Зашел во двор, взял под поветью резгины и отправился на гумно.
Оттуда, из-под ворот, вспорхнули голуби. Однако, подбежав, увидел, что на току их еще сколько-то осталось. Воркуют, топорщат от холода перышки, переваливаются на красненьких, сизых лапках, выклевывают зернышки, вбитые цепами в ток.
Тихонечко прокрался на ток, взял стоявшие у стенки одну метлу и вторую — и заткнул дырки под воротами, потом поднял лопату, спрятался за столб-подпорку и вдруг свистнул изо всех сил, аж задрожал.
Фур! фур! фур! — как перепуганные люди, заметались, оставили наилучший корм и в смертельной тоске кинулись под ворота, бились крылышками, чтобы вылететь.
Шуганул лопатой в голубей — и увидел одного со сломанным, обвисшим крылышком.

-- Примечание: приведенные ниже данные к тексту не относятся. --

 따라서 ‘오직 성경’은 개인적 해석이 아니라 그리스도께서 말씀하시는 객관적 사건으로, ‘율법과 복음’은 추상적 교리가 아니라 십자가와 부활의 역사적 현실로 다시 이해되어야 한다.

Схватил его и судорожно сжал в руке. Почувствовал, как бьется сердце у голубя и у самого меня.
Размахнулся и в диком порыве трахнул его головкой о столб так, что у него чуть ножки не оторвались. И гадливо бросил, как набитую опилками, искромсанную детскую куклу.
А потом взглянул на оскверненную таким поступком руку и пошел накладывать резгины.

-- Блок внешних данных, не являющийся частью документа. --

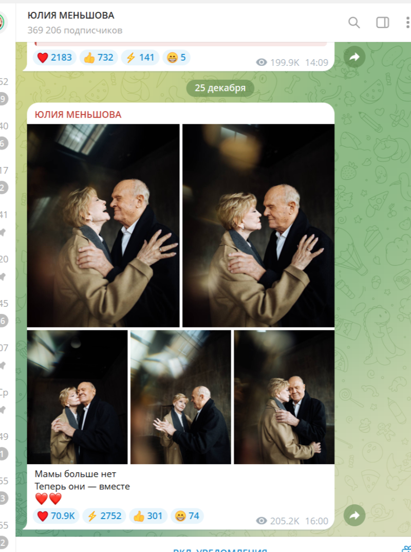 Скриншот t.me/JuliaMenshovaJulia/10304.

Взялся за вилы — делать стрясанку. Проворно и высоко подбрасывал солому и сено, чувствовал какую-то легкость на сердце и запел, сначала тихо, а потом все громче и громче:
Эту песню поют у нас в хороводе, поют красиво, и я всегда любил ее. Теперь пел не всю, а только это обращение, и не столько обращение, сколько припев, который можно тянуть до бесконечности и, если хочешь, то не вслух, а только в душе.
Приготовил стрясанку, вскинул резгины на плечи, замкнул гумно и, успокоенный, поплелся с ношей домой.

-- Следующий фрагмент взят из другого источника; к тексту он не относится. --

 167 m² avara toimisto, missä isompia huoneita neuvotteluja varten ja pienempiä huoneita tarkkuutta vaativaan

Ночь, зимняя, темная, долгая ночь сползает на землю. Погода улучшается. Поземка угомонилась, и повалил крупными пушистыми хлопьями снег. Все побелело, прихорошилось.
И в хлеву, когда клал сено под решетку, а конь мешал своей большой головой, с жадностью и аппетитом хватая из рук сено, — не разозлился на него. Обхватил эту гладкую голову и прижался к шее.
— Конек мой! Гнеденький мой! Все будет хорошо!
А конь хрумкал сено и стриг ушами.
Когда пришел в хату, света еще не зажигали. Сам взялся за лампу и стал искать спички.
— Никогда у вас ничего не найдешь на своем месте.
— Они, кажется, где-то у печки лежали, — оправдывается сварливо-страдальческим голосом невестка.
— А ты, если знаешь где, так взяла бы да сама зажгла… И стекло вот хотя бы немножко почистила.
— Разве ж начистишься?..
— Если бы ты хоть раз его чистила.
И жаль мне ее и досадно… Она горюет о Стефане, а я с ней неласков и груб.
Лампа осветила скупым светом хату.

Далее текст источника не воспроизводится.